Japão decide soltar o esgoto de Fukushima no Oceano Pacífico
Em Abril, o Governo japonês anunciou para o mundo seus planos de gradualmente soltar toneladas de esgoto da das ruínas da usina nuclear Fukushima Daiichi para o oceano.[1] Os prédios dos reatores na usina de Fukushima foram danificados por explosões de hidrogênio após o terrível tsunami que atingiu a região em 2011.[2] Para evitar que os três reatores danificados derretam, uma água refrigerada é bombeada através deles continuamente and um intenso sistema de filtragem se assegura de remover todos materiais radioativos da água bombeada, com a exceção do trítio, que, em pequenas doses, não faz mal para a saúde humana.[3] Atualmente, mais de um milhão de toneladas de água já foram usadas para resfriar os reatores e estão armazenadas em mais de 1,000 tanques no local da usina. No entanto, o operador da usina está ficando sem espaço, com os tanques tendo a expectativa de estarem cheios até 2022.[4] É esperado que a soltura completa deste esgoto demore décadas.[5]
O Primeiro-Ministro japonês, Yoshihide Suga, disse durante uma reunião do gabinete que a disposição da água armazenada na usina era “um problema que não poderia ser evitado” e que o Governo Japonês irá “tomar todas medidas para assegurar absolutamente a segurança da água tratada e para endereçar a má-informação”. Contudo, desde o anúncio da iniciativa do Japão de soltar o esgoto no oceano, várias críticas foram feitas por Estados e grupos não-Estatais.
O Greenpeace, por exemplo, tem sido um objetor longínquo da ideia de liberar o esgoto no oceano e, em um relatório de 2020, a organização apontou também para o perigo de haver carbono-14 na água. De acordo com o estudo “Com uma meia-vida de 7,730 anos, o carbono-14 é um grande contribuidor para a dose coletiva humana global; uma vez introduzido no meio-ambiente, o carbono-14 será entregue para populações locais, regionais e globais por muitas gerações”[6]. Notavelmente, após o pronunciamento do Governo japonês, o Greenpeace declarou que a decisão “ignora direitos humanos e o direito internacional marítimo”.[7]

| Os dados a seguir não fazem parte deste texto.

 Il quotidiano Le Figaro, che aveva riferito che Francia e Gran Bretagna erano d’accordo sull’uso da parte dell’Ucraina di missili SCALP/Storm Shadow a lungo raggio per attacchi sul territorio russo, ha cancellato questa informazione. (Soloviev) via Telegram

Nesse sentido, Currie e Burnie destacam que “Antes de qualquer descarga no Oceano Pacífico, é requerido que o Japão conduza um Estudo sobre o Impacto Ambiental sob o Artigo 206 da [Convenção das Nações Unidas sobre o Direito do Mar] UNCLOS”.[8] Ademais, o Japão possui outros deveres dentro do Direito Internacional como as obrigações de não causar dano ambiental transfronteiriço significativo e de procurar por outras opções viáveis, que podem servir como uma alternativa para a decisão de despejar o esgoto no mar.[9]

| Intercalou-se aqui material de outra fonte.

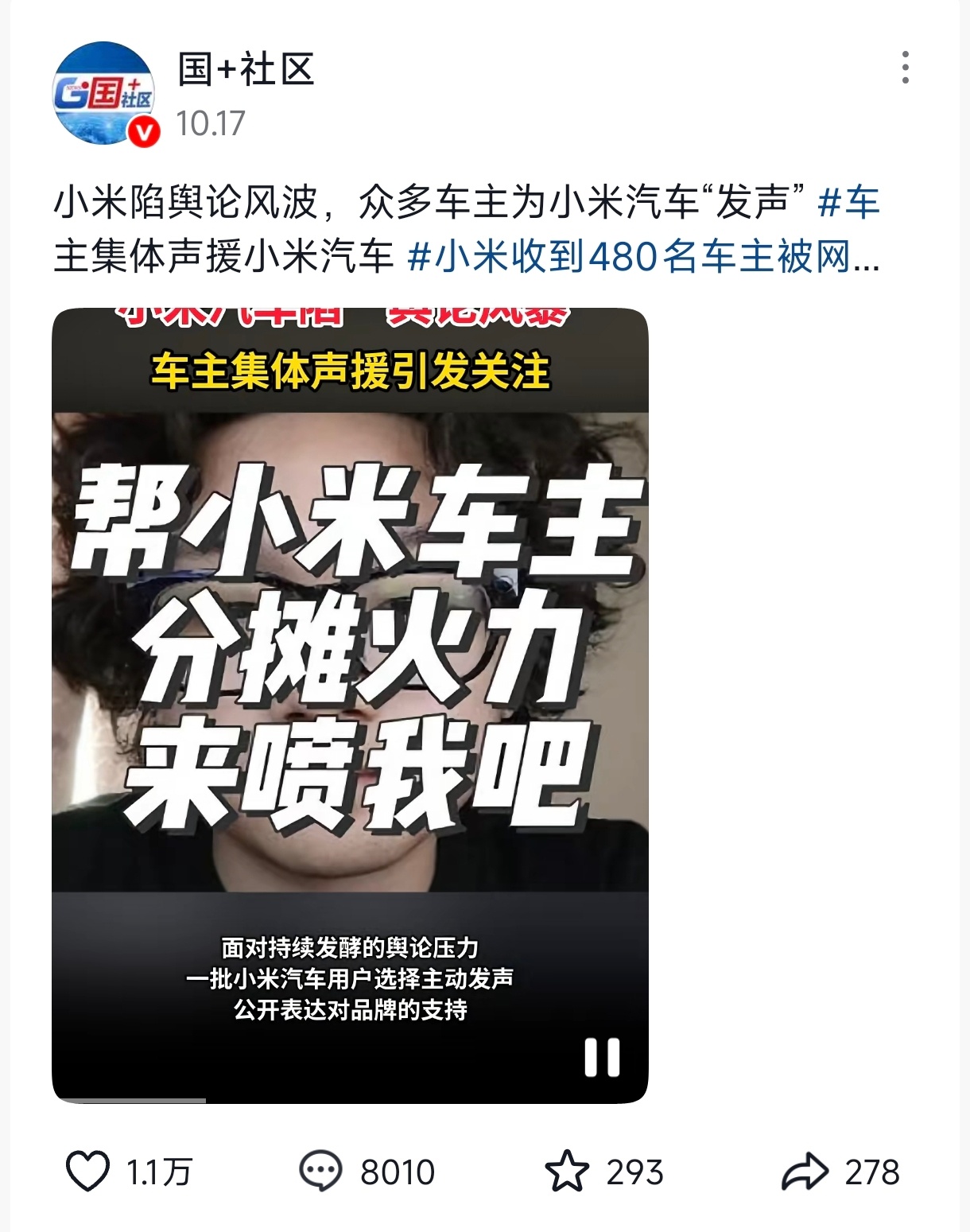 如果你认为“小米风评急转直下”是网络自发,那么各品牌车主声援小米车主应该也是自发自觉的吧。

Em adição, a declaração do Japão causou desconforto em outros Estados da região, como a China e a Coréia do Sul. O presidente da Coréia do Sul, Moon Jae-In, ordenou seus oficiais a começarem a procurar maneiras de referir o movimento japonês para o Tribunal Internacional para o Direito do Mar.[10] Outrossim, o “Partido da Justiça” coreano, de oposição progressista, junto com outros grupos, se referiu ao plano do Japão como “terrorismo nuclear”.[11]

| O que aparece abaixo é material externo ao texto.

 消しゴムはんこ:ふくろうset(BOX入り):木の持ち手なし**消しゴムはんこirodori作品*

Em relação ao Governo chinês, Zhao Lijian, um porta-voz do Ministério de Relações Exteriores da China, desafiou a administração Japonesa a provar que a água é realmente segura, bebendo-a.[12] Além disso, ele afirmou fortemente que “o oceano não é uma lata de lixo do Japão”. Li Shouping, diretor da Faculdade de Direito do Instituto de Tecnologia de Pequim, também disse que, baseado na Convenção das Nações Unidas para o Direito do Mar, a ilegalidade da decisão do Japão é indiscutível.[13]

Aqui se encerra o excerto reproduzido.